The situation became grimmer a couple of days later. Sony employees and their families were threatened via email, followed by another missive from the GOP that denied sending the warning, but nonetheless stated, “Stop immediately showing the movie of terrorism which can break the regional peace and cause the War!” Even as Sony was being forced to reexamine their own security, the issue was becoming something much more culturally significant.
Then, on December 16th, the most aggressive threat arrived as the GOP warned, “The world will be full of fear. Remember the 11th of September 2001. We recommend you to keep yourself distant from the places at that time. (If your house is nearby, you’d better leave.) Whatever comes in the coming days is called by the greed of Sony Pictures Entertainment.” This chilling invocation of the tragedy that occurred over a decade ago would set off a chain of events that transformed The Interview from just another middling Seth Rogen comedy to a symbol of free speech and defiance against terrorism.
I should pause at this point to note that as more and more details of the Sony hack were revealed, we began talking around the BOP offices about whether it merited a spot on the Top Film Industry Stories of 2014 list. We had already established our stories (for the most part) starting in late November and early December, but suddenly it felt like the hack was an absolutely critical inclusion. As December progressed, we went from, “Yeah, maybe it should be a story” to “Actually, the Sony hack should probably be our #1 story” to “Whoa. The Sony hack is one story, and The Interview is another story all on its own.”

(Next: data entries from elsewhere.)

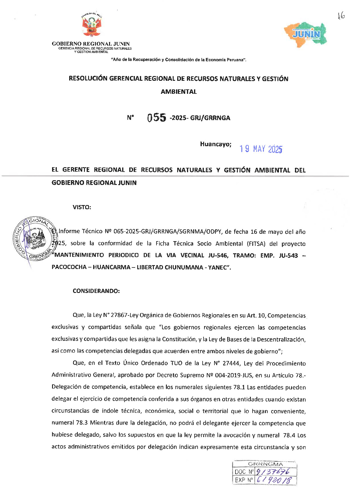 Mediante la Resolución Gerencial Regional N° 055-2025-GRJ/GRRNGA, emitida el 19 de mayo de 2025, el Gobierno Regional de Junín otorgó la conformidad a la Ficha Técnica Socio Ambiental (FITSA) y la correspondiente certificación ambiental para el proyecto "Mantenimiento periódico de la vía vecinal JU-546, tramo: Emp. JU-543 Pacococha - Huancarma - Libertad Chunumana - Yañec". Esta aprobación, sustentada en el Informe Técnico N° 065-2025, confirma que el proyecto cumple con los estándares de protección ambiental vigentes para el subsector transportes, permitiendo asegurar la transitabilidad en este corredor vial. Con esta resolución, la entidad responsable queda obligada a ejecutar las medidas de manejo ambiental establecidas y a informar el inicio de las actividades en un plazo de 30 días hábiles para su debida supervisión y cumplimiento de los compromisos socioambientales.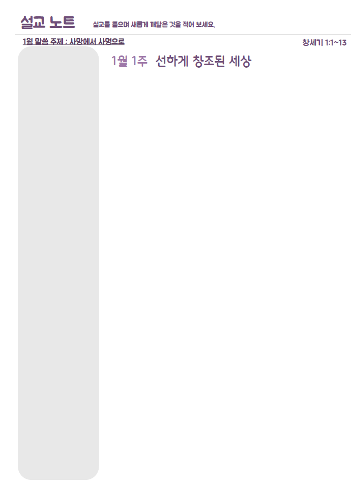 설교요약은 매 주일 목사님의 설교를 들으며 기록할 수 있습니다.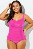 Pink Vintage Push Up One Piece Swimsuit - PremCurve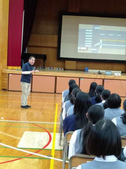 2年生対象のセーフティ教室が行われました。自転車のシミュレーターを使って、ルールや危険予測を学びました。実際に体験した6名は、それぞれ違うシミュレーションに対し、各々違った危険を感じたようでした。安全で楽しいサイクリングをしてほしいものです。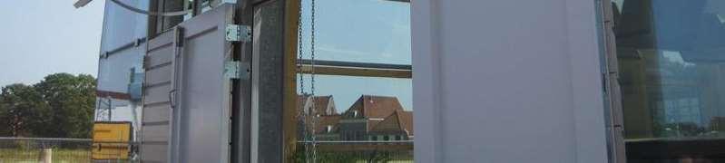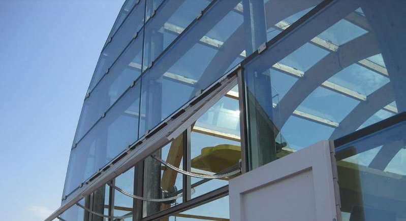 The dome is carried out in the form of a ‘low-tech’glass shell: solar controlglass isisolated using stainless steel plates firmly put on the wooden beams that, of course, refer to shipbuilding.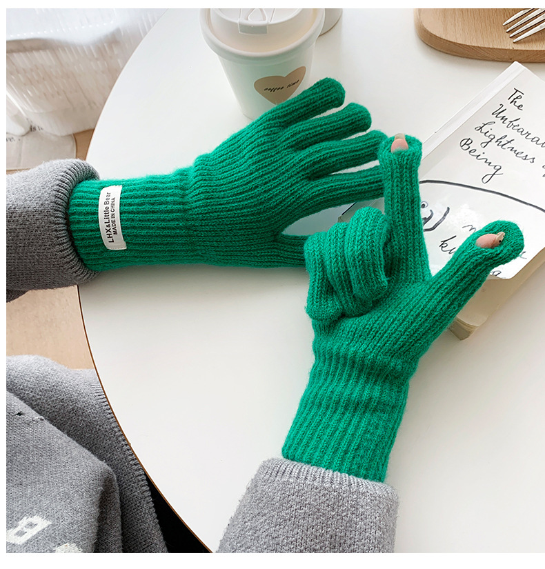 毛线手套女冬季骑行保暖防寒针织可触屏冬天学生骑车防风加长款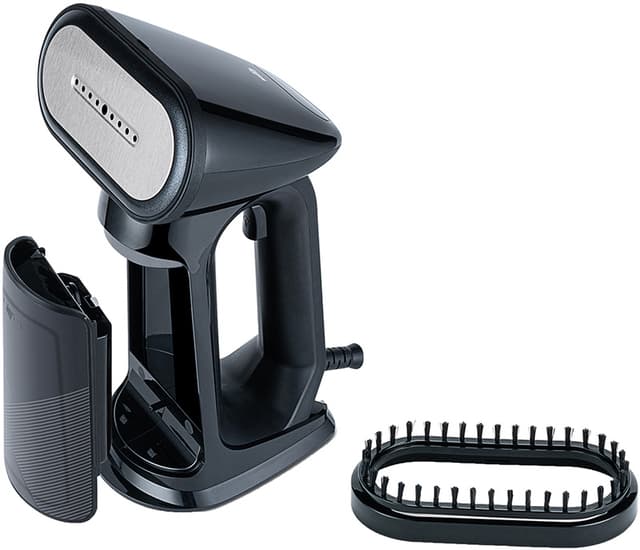 Klesdamperen på 1800 watt er utstyrt med en avtakbar vanntank på 200 ml, noe som gir kontinuerlig damp som effektivt fjerner rynker fra klærne uten behov for hyppig påfylling. Den har også fem programmer du kan velge alt etter stofftype.
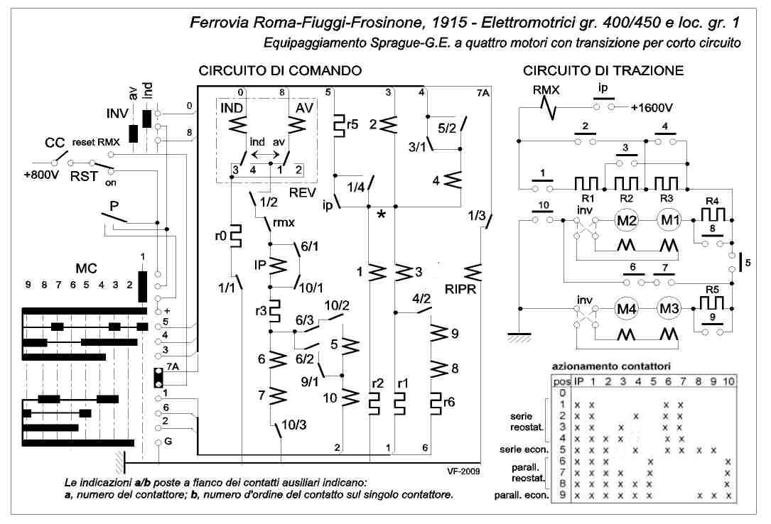 Lo schema del circuito di comando è riportato più sotto, con semplificazioni inessenziali; il circuito di comando è alimentato ad 800 V da un dinamotore.

Once the cyberterrorists of GOP announced intent to inflict bodily harm and reminded us all too much of The Dark Knight Rises shooting, there was little doubt that the furor around The Interview’s release/non-release not only deserved its own story, but that it was the most significant film industry topic of the year.
There were immediate repercussions after the threat to exhibitors who planned to play The Interview. Right off the bat, Rogen and Franco cancelled all media appearances for the film. Not only that, but the New York premiere was called off as well. Only a day later, Regal Cinemas, Cinemark, Cineplex, AMC Theaters, Carmike and Bow Tie Cinemas all dropped The Interview from their Christmas Day release plans. Other smaller theater chains also were involved in pulling the film off their screens. With very few venues willing to show the movie (there are a few notable exceptions that we’ll discuss in a moment), Sony felt their hands were tied. On December 17th, they announced that The Interview would be cancelled, and that they had no plans to ever release it in any format.
The media uproar that followed was louder than a Spinal Tap concert turned up to 11. Celebrities both within the movie industry and without expressed their displeasure at Sony’s capitulation to terrorists. Michael Moore said, “Dear Sony Hackers: now that u run Hollywood, I'd also like less romantic comedies, fewer Michael Bay movies and no more Transformers.” Rogen’s mentor Judd Apatow asked, “What if an anonymous person got offended by something an executive at Coke said. Will we all have to stop drinking Coke?” And Game of Thrones author George R.R. Martin went off on an epic rant, calling Sony craven and cowardly (and also offering up his own theater, the Jean Cocteau Cinema, as an exhibitor for the film).
Of course those comments stung, but then President Obama threw his hat into the ring. "I wish they had spoken to me first," he said. "I would have told them do not get into a pattern in which you're intimidated by these kinds of criminal attacks." The cancellation of The Interview had crossed from simple pop culture territory into the political realm. The movie, which came from the guys who brought you such high art as Superbad and This Is the End, had become everyone’s everything. If you were on social media, it was impossible to scroll through your feed without seeing a comment along the lines of “How dare North Korea tell me what I can and cannot watch!” Some people even called for boycotts of Sony’s future films, a prospect that likely made the hackers chortle with glee.
The fallout for Sony was swift, as the theater chains expressed their displeasure at Sony foisting the blame onto them for the entire debacle. Even so, it was clear that the risk management departments at the likes of Regal and Cinemark had weighed the pros and cons of releasing the film and determined that it wasn’t worth assuming the liability on the off chance that something did happen.
Through it all, though, smaller exhibitors like Martin’s Jean Cocteau and the Alamo Drafthouse continued to offer their theaters as locations to show The Interview. Eventually, their persistence paid off. Sony agreed to return the film to its December 25th release date, showing it in a much-smaller-than-planned 331 locations including the Drafthouse chain and Martin’s theater. It earned $2.9 million in the four days between Christmas Day and Sunday, and has so far accumulated $5.4 million in theatrical release.
At the same time, The Interview became the biggest day and date title ever. Sony put together agreements with YouTube, Google Play and Microsoft Xbox to show the movie on demand, and by December 28th, it had been downloaded 20 million times and earned $15 million. After Christmas weekend had ended, Sony forged deals with additional outlets including iTunes, cable VOD services, Vudu, Direct TV and AT&T U-verse. The most recent number reported for online rentals and sales of The Interview was $31 million on January 8th, and it’s reasonable to expect that it will continue to tally up impressive earnings. Consider that they were able to make this much without an advance strategy and that much of what was accomplished was done on the fly (albeit with an outrageous amount of publicity). What could a studio like Sony do with an organized plan?
With the hubbub surrounding The Interview bringing new people into the VOD fold, the answer to that question probably means that we’ll see some bolder tests in the coming months. We’ve chronicled the rise of day and date titles in previous years, but up until The Interview became the biggest entertainment story of 2014, the standard bearers were movies like Snowpiercer, Abritrage, Margin Call and Veronica Mars. There can be little doubt that the money earned by The Interview will give studios the financial incentive to venture deeper into the murky waters of day and date releases.
The Interview’s tendrils reached out far, and we may have yet to see all of the ramifications of its impact. That’s pretty impressive for a movie where the lead character bonds with a villainous North American leader over their mutual love of the Katy Perry song “Firework.”